A empresa está a desafiar os consumidores portugueses a investir numa solução que permita constituir património a longo prazo. O Jornal Económico cita o diretor da operação nacional da Corum, José Gavino, apontando imobiliário como “um investimento menos volátil que o mercado acionista para os investidores e mais ainda em tempos de turbulência”. De acordo com o mesmo jornal, a Corum detém dois fundos de investimento dedicados à compra de imóveis comerciais para arrendamento, que terá gerado um lucro de 6% no ano transato.

Gavino acrescenta que a Corum pretende contrariar a tradição de não olhar para o imobiliário como uma fonte de rendimento. O grupo empresarial está presente em sete países, com 130 trabalhadores e uma carteira de ativos ultrapassando os 3,5 mil milhões de euros. Está presente em Portugal desde 2014.

Uma perspetiva de longo prazo

Pode não parecer fácil no momento imediato, mas se há setor naturalmente talhado para pensar a longo prazo é o imobiliário – um setor especializado em transacionar bens que deverão continuar a ser “consumidos” dentro de muitas décadas.

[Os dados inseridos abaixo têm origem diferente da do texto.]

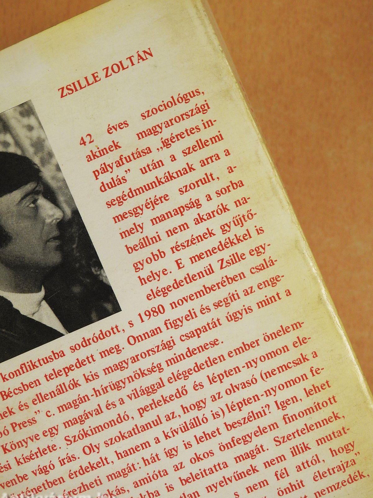 42 éves szociológus, akinek magyarországi pályafutása "ígéretes indulás" után a szellemi segédmunkáknak arra a mesgyéjére szorult, amely manapság a sorba beállni nem akarók nagyobb részének gyűjtőhelye. E menedékkel is elégedetlenül Zsille egyre több konfliktusba sodródott, s 1980 novemberében családostul Bécsben telepedett meg. Onnan figyeli és segíti az engedetlenek és ellenállók kis magyarországi csapatát úgyis mint a "Bibó Press" c. magán-hírügynökség mindenese.
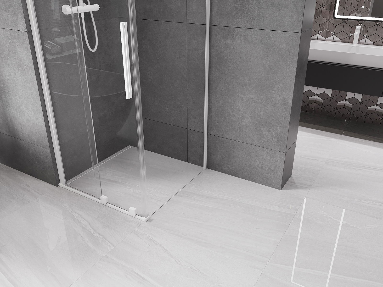 Dzięki zastosowaniu uniwersalnego systemu mocowania, drzwi prysznicowe mogą zostać zamontowane z prawej lub z lewej strony, zależnie od potrzeb. Dzięki temu możesz z łatwością zaprojektować prysznic dopasowany do przestrzeni łazienki.
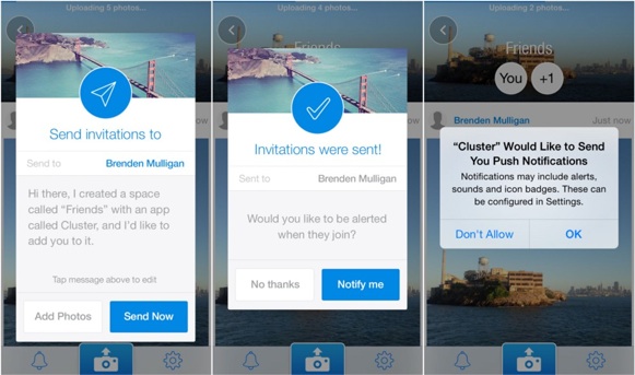 而在要求推送通知之前,Cluster问了一个合情合理的问题:“是否希望在朋友加入时通知你?”这样处理的结果与通讯录权限类似,选择了“通知我”的用户都允许了Cluster推送通知。
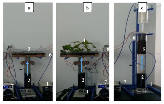 Experimental arrangement of the 3 up-flow MFCs under study (a) MFCE, (b) MFCW and (c) MFCT. (1) Wastewater influent (2) GAC anodes, (3) GAC cathode, (4) GAC cathode-wetland, (5) GAC cathode with a recirculation tower, (6) treated wastewater effluent, (7) peristaltic pump.
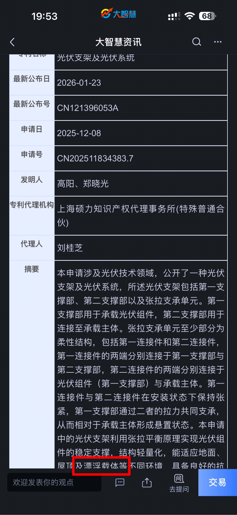 $中信博(SH688408)$ 是不是要数板了,中信博刚通过新专利,涉及用于“漂浮载体”的柔性支架,漂浮载体→不就是卫星吗!!!!
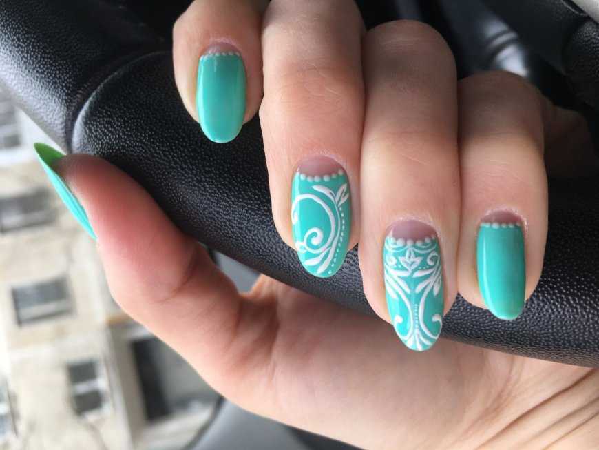 Один из актуальных дизайнов в новом сезоне – маникюр цвета бирюзы в стиле «Тиффани», а особенно в комбинации с белым. Покрытие дополнит аккуратно прорисованные белые линии и рисунки, можно украсить безымянный палец изображением бантика.

O portal Idealista manifestou as diversas tendências que deverão reconfigurar o setor nos próximos tempos. A migração do alojamento local para o arrendamento é uma delas – sinal da flexibilidade que o imobiliário, naturalmente, deve assumir. O facto de o imobiliário ser um investimento de “refúgio”, ideia também sublinhada pela Corum, é compreensível, principalmente porque o setor está equilibrado e totalmente saudável, sem quaisquer indícios de bolhas especulativas. É até possível que a pandemia influencie a arquitetura e o planeamento urbanístico, com uma perspetiva diferente do que a casa pode significar para indivíduos e famílias.